── SUPPLIED DATA
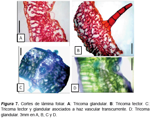 Anatomía de la lámina foliar: epidermis uniestratificada en ambas caras, en sección transversal epidermis adaxial con células rectangulares a ligeramente globosas y de mayor tamaño con respecto a las células de la cara abaxial (figuras 5 y 7). En vista paradérmica, células delgadas, ligeramente alargadas y de contornos sinuosos y tricomas tectores pluricelulares (10 células) con varias células basales (3-4) y estomas anomocíticos muy dispersos (figuras 6C y D). Epidermis abaxial con células subglobosas a cuadrangulares en vista transversal (figuras 5 y 7). En vista paradérmica, células similares a la epidermis adaxial, con mayor número de estomas, tricomas glandulares hundidos en el tejido y tricomas tectores (figuras 6A y B). En ambas caras cutícula delgada con paredes periclinales y anticlinales delgadas. Se observan tricomas tectores en ambas caras de la lámina y tricomas glandulares en la cara abaxial.
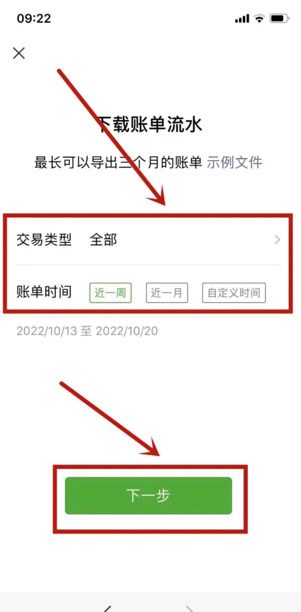 7、选择需要下载账单流水的时间并点击下一步。
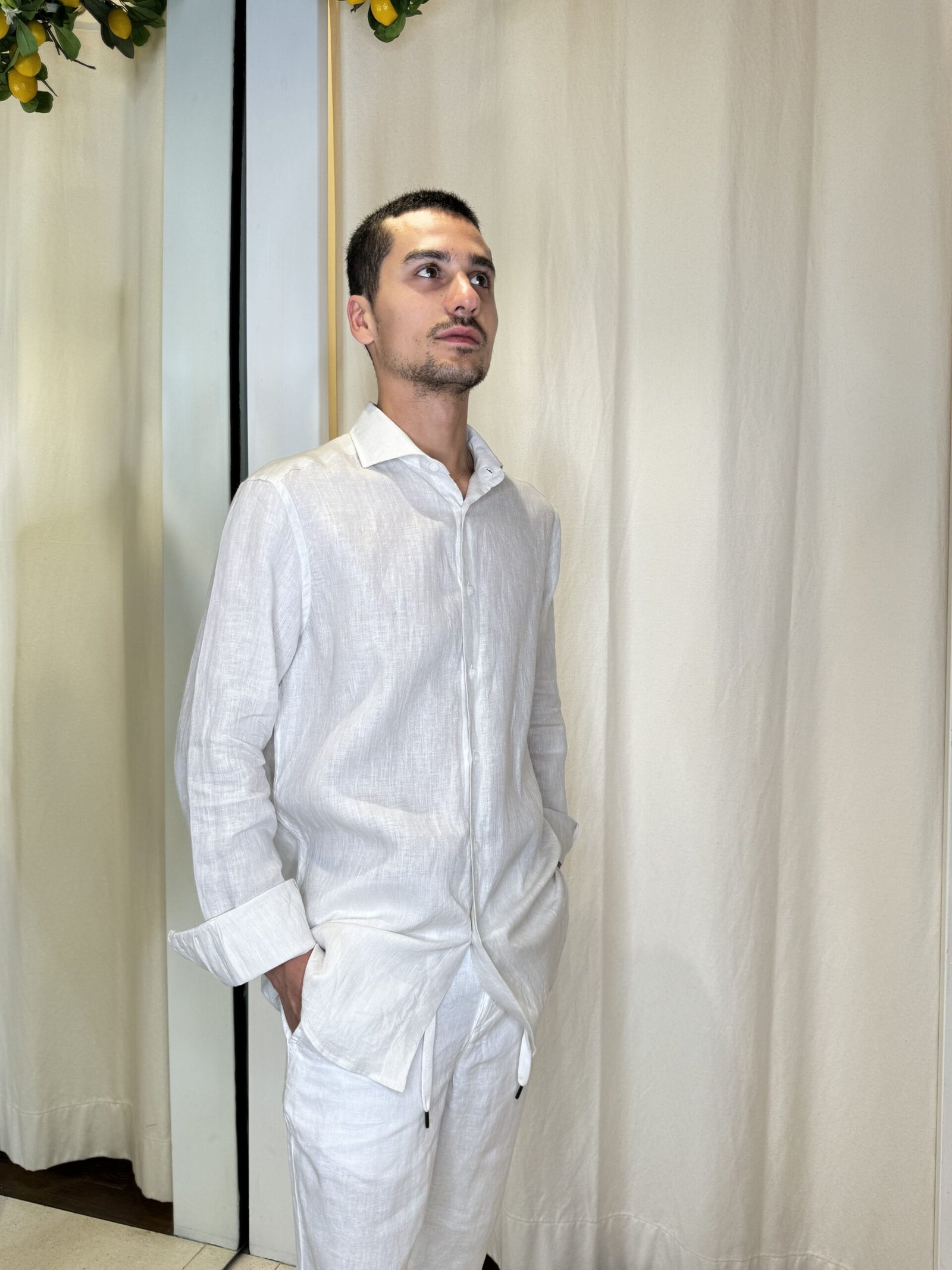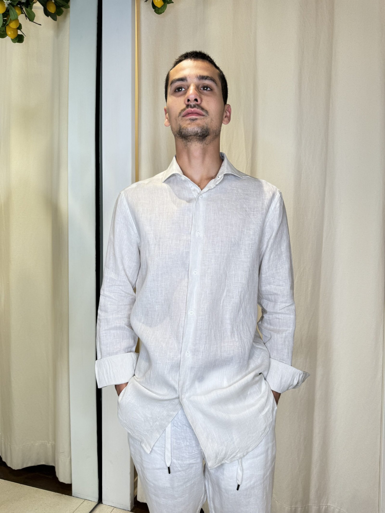 Consigliamo di abbinare la camicia ai nostri pantaloni, disponibili sia nella versione lunga alla caviglia o corta al ginocchio.
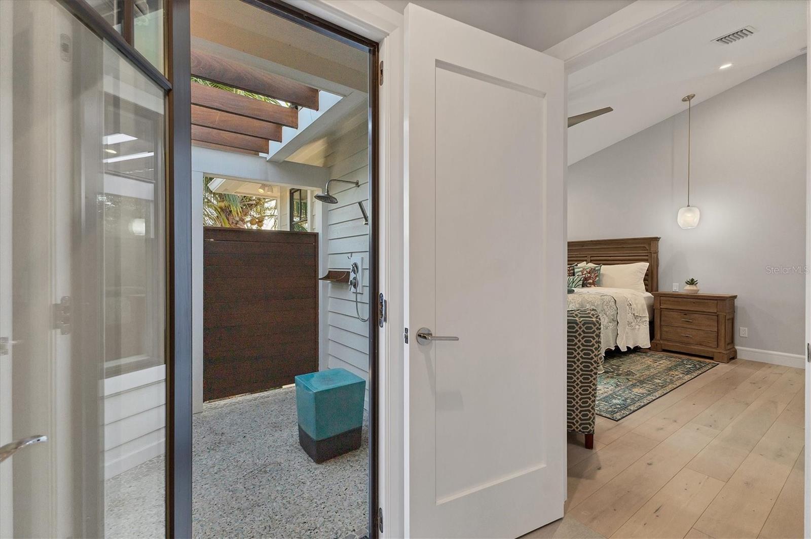 - Exterior: Balcony, French Doors, Lighting, Outdoor Grill, Outdoor Kitchen, Outdoor Shower, Rain Gutters, Sliding Doors
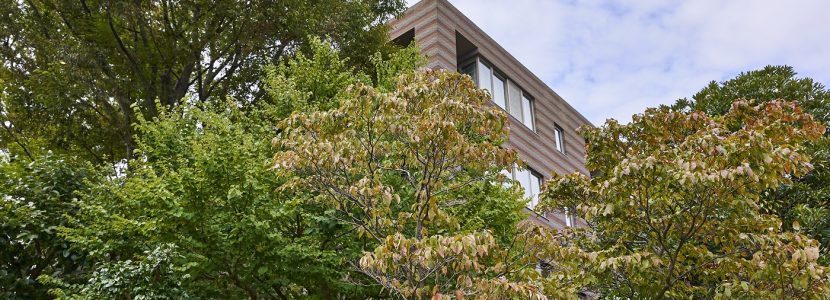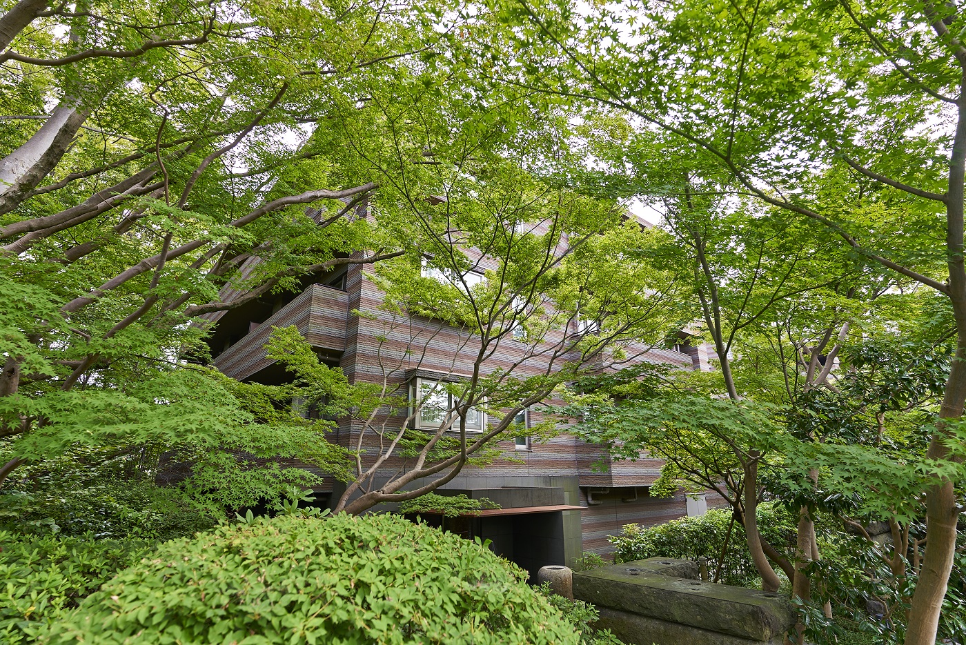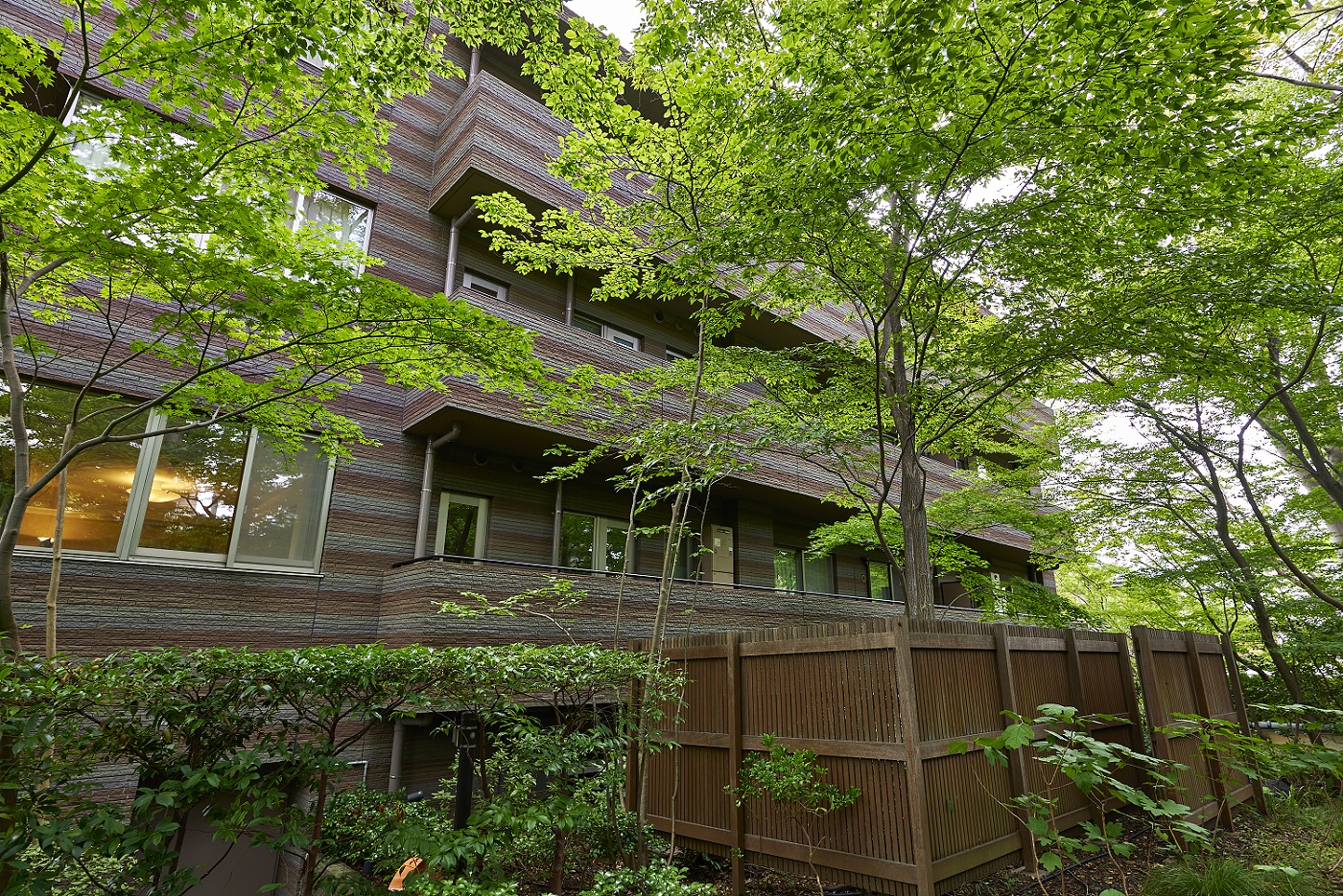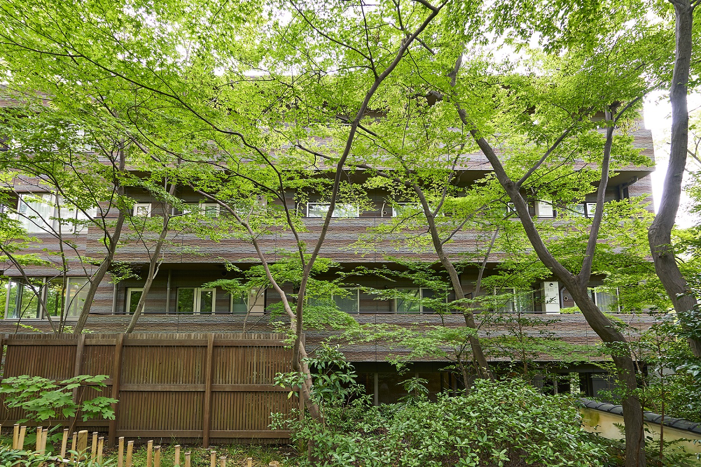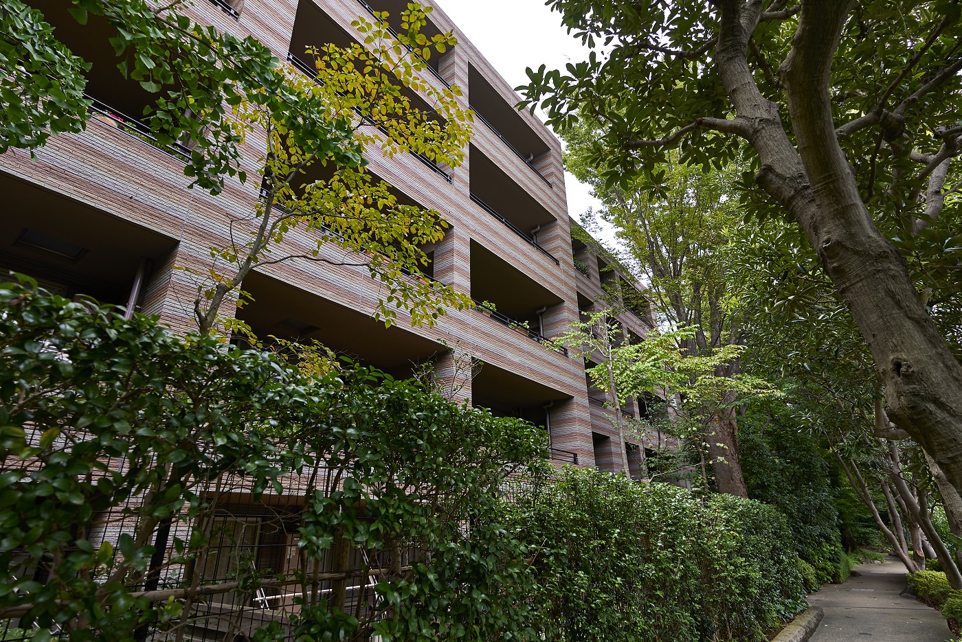 「パークコート二子玉川」は、かつてこの地にあった旧・幽篁堂庭園の、時の記憶を刻んできた樹木、庭石、石造品などの遺構を大切に受け継ぎました。高さを抑えた穏やかな結界として再構築した福島産・白河石の石塀や、地層の色合いをベースとしたオリジナル・ボーダータイルの外壁、艶やかな水盤をイメージさせる御影石を張り詰めたエントランス床など、素材の一つひとつにまで意匠を凝らしたこだわりの造形。街並みとの連続した景観を描き出しながら、樹木のゆるやかな結界を通して見え隠れするアイデンティティ豊かな建物外観は、上質な邸宅地に相応しい優美な佇まいです。
────
• _PROBLEM REQUIREMENTS_
Reproduce the whole of the data, word for word, and omit its pictures.

• _WRITTEN RESPONSE_
 Anatomía de la lámina foliar: epidermis uniestratificada en ambas caras, en sección transversal epidermis adaxial con células rectangulares a ligeramente globosas y de mayor tamaño con respecto a las células de la cara abaxial (figuras 5 y 7). En vista paradérmica, células delgadas, ligeramente alargadas y de contornos sinuosos y tricomas tectores pluricelulares (10 células) con varias células basales (3-4) y estomas anomocíticos muy dispersos (figuras 6C y D). Epidermis abaxial con células subglobosas a cuadrangulares en vista transversal (figuras 5 y 7). En vista paradérmica, células similares a la epidermis adaxial, con mayor número de estomas, tricomas glandulares hundidos en el tejido y tricomas tectores (figuras 6A y B). En ambas caras cutícula delgada con paredes periclinales y anticlinales delgadas. Se observan tricomas tectores en ambas caras de la lámina y tricomas glandulares en la cara abaxial.
 7、选择需要下载账单流水的时间并点击下一步。
 Consigliamo di abbinare la camicia ai nostri pantaloni, disponibili sia nella versione lunga alla caviglia o corta al ginocchio.
 - Exterior: Balcony, French Doors, Lighting, Outdoor Grill, Outdoor Kitchen, Outdoor Shower, Rain Gutters, Sliding Doors
 「パークコート二子玉川」は、かつてこの地にあった旧・幽篁堂庭園の、時の記憶を刻んできた樹木、庭石、石造品などの遺構を大切に受け継ぎました。高さを抑えた穏やかな結界として再構築した福島産・白河石の石塀や、地層の色合いをベースとしたオリジナル・ボーダータイルの外壁、艶やかな水盤をイメージさせる御影石を張り詰めたエントランス床など、素材の一つひとつにまで意匠を凝らしたこだわりの造形。街並みとの連続した景観を描き出しながら、樹木のゆるやかな結界を通して見え隠れするアイデンティティ豊かな建物外観は、上質な邸宅地に相応しい優美な佇まいです。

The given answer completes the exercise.